Афросинья подошла к нам, и в руках у нее была депеша со станции.
- Вот, - говорит Афросинья, - сторож Петр со станции принес. Ивану Ивановичу, знать.
- Прочтите, - крикнул мне Иван Иванович с того берега. - Нет, постойте, я сам перейду реку.
Он разделся и полез в воду. Потом выскочил назад на берег, холодна вода.
- Ишь ты, нет, не пойду.
Вернулся на берег и оделся опять.
- Стойте, - сказал Василий Сергеевич. - Я ему ее с камнем переброшу.
Он нашел камень и привязал к камню телеграмму. Развернулся и бросил ее на другой берег. Но камень не долетел с депешей. Она упала в воду и плыла по реке. Доктор опять разделся, быстро бросился в воду и достал телеграмму. Вылез на берег и читал мокрую телеграмму.
- Вот пишет, - сказал он, - "Уезжаю к мамаше на месяц".
- Кто пишет? - спросил я доктора.
- Жена.
И он взял в руки платье и удочки, побежал по реке ниже, перешел вброд и бледный, дрожа, подошел к нам.
- Где, ну-ка, дайте.
И взял у Юрия Сергеевича бутылку, опрокинул в рот. Одеваясь, говорил:
- Ух, холодна вода. Пронеси, Господи.
Он хлопал себя ладошками, согреваясь.
- Уехала. Ну, я рад. Пусть погостит у мамаши. Мамаша тоже что надо. А я здесь побуду. Эх, хорош шереспер. Фунтов ведь на восемь.
Кушая шереспера, приятели мои помирились.
Подкидыш
Москва осенью оживала. В конце августа приезжали москвичи с дач. Сады за заборами меняли зеленый покров, и грустно летели желтые листья на мостовую. В Сущеве обнажился густой сад в доме Сергеева. И ярко за темными липами горели купола церкви Нечаянныя Радости… На дворе кучер у каретного желтого сарая мыл коляску. Скоро приедет из-за границы хозяин, Сергей Петрович Сергеев. Сергеев был человек серьезный, капризный, еще молодой. Небольшого роста, ровно причесанный назад, глаза большие, голубые, одет с иголочки, важный из себя. Прислугу держал в повиновении - что та ни сделает, все не так.

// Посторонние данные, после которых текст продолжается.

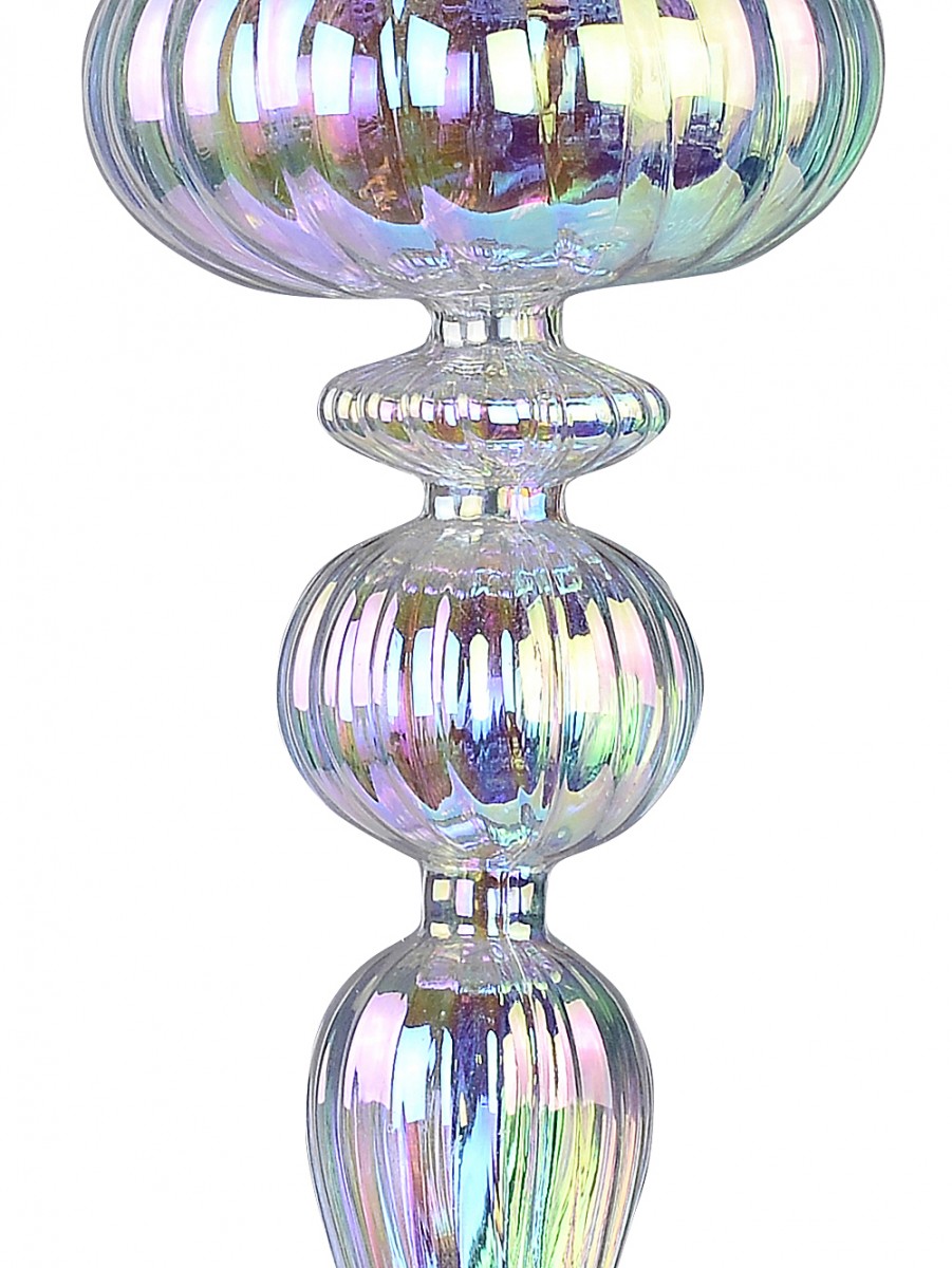 What makes it so magical is the clear iridescent finial. This picks up and bounces colours from every angle - making it look almost as if it's changing colour throughout the day or evening. Imagine a whole tree decorated in these radiant icicle ornaments, or how lovely they'd look as an accent with reds and golds on your table setting or Christmas garland. The vertical ridges are classic Christmas but also feel modern, and there's just something about the simple silver string that finishes the look.
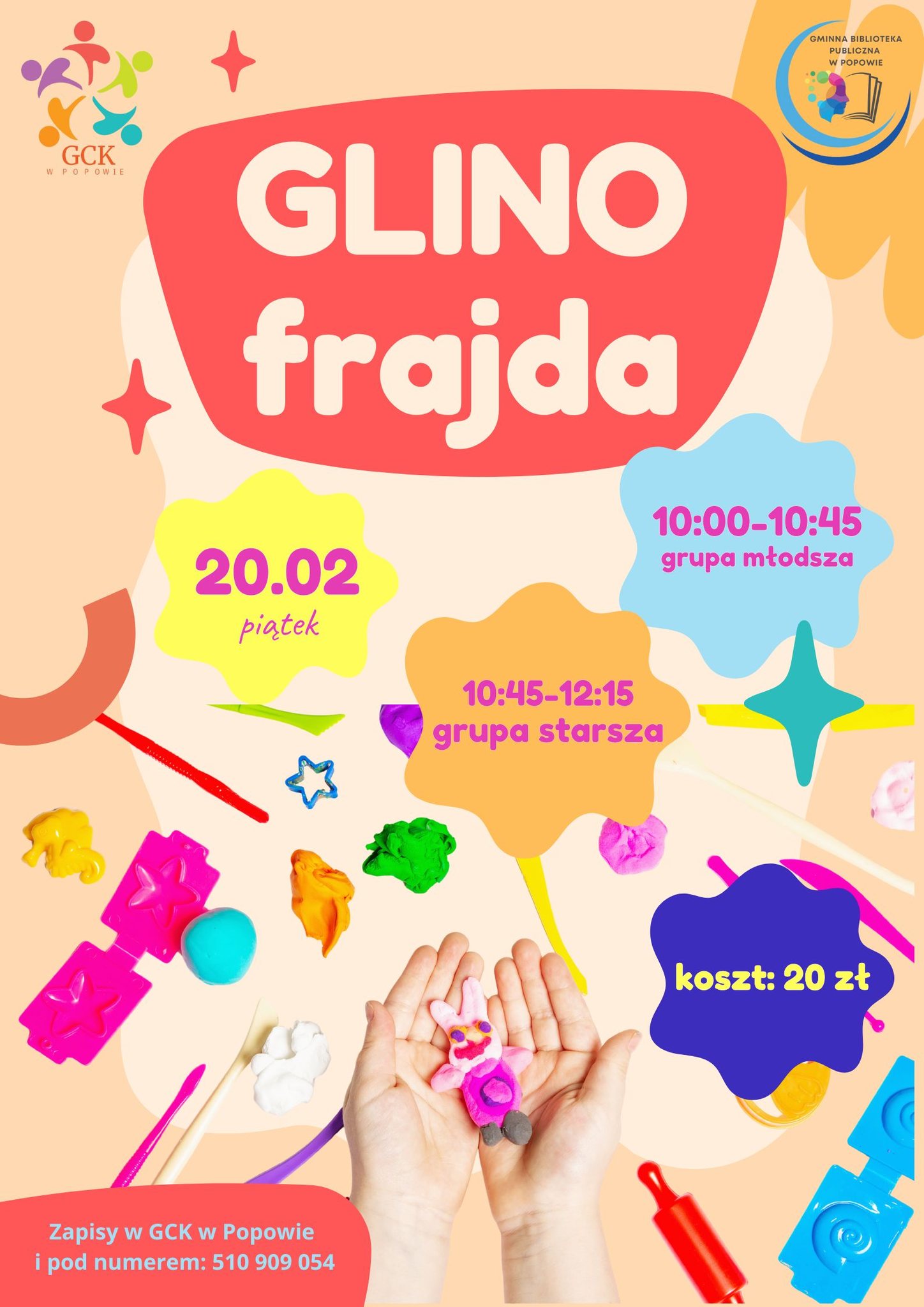 Na zakończenie ferii, w piątek 20 lutego, organizatorzy zapraszają na „Glino-frajdę” – warsztaty tworzenia z gliny. To propozycja dla tych, którzy lubią pracę manualną i chcą spróbować swoich sił w modelowaniu oraz twórczym eksperymentowaniu z materiałem.
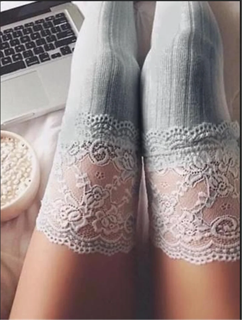 Женские кружевные вязаные хлопковые чулки выше колена, высокие носки, колготки, колготки

Утром проснется, смотрит - сапоги не чищены. Хотя они чищены и блестят - мало. Кричит:
- Егор!
Приходит лакей Егор. Капризно говорит хозяин:
- Ну, что же сапоги… посмотри… Ах, ну!
Егор покорно опять несет сапоги на людскую - чистить. Не угодишь. Привык он уж к хозяину. Сапоги постоят в людской, слышит, барин кричит опять:
- Егор!
Он берет те же сапоги и несет. Хозяин, барин, глядит на сапоги и говорит:
- Ну вот, то-то… - и надевает их.
За чаем нальет сливок в стакан чаю. Кричит:
- Аннушка…
Смотря с упреком на Аннушку, отодвигает от себя молочник со сливками и стакан чаю. Говорит капризно:
- Вот, все так. Смотреть надо.
А Аннушка, как и Егор, привыкла к барину. Унесет молочник на кухню, подержит там и несет опять назад на подносе.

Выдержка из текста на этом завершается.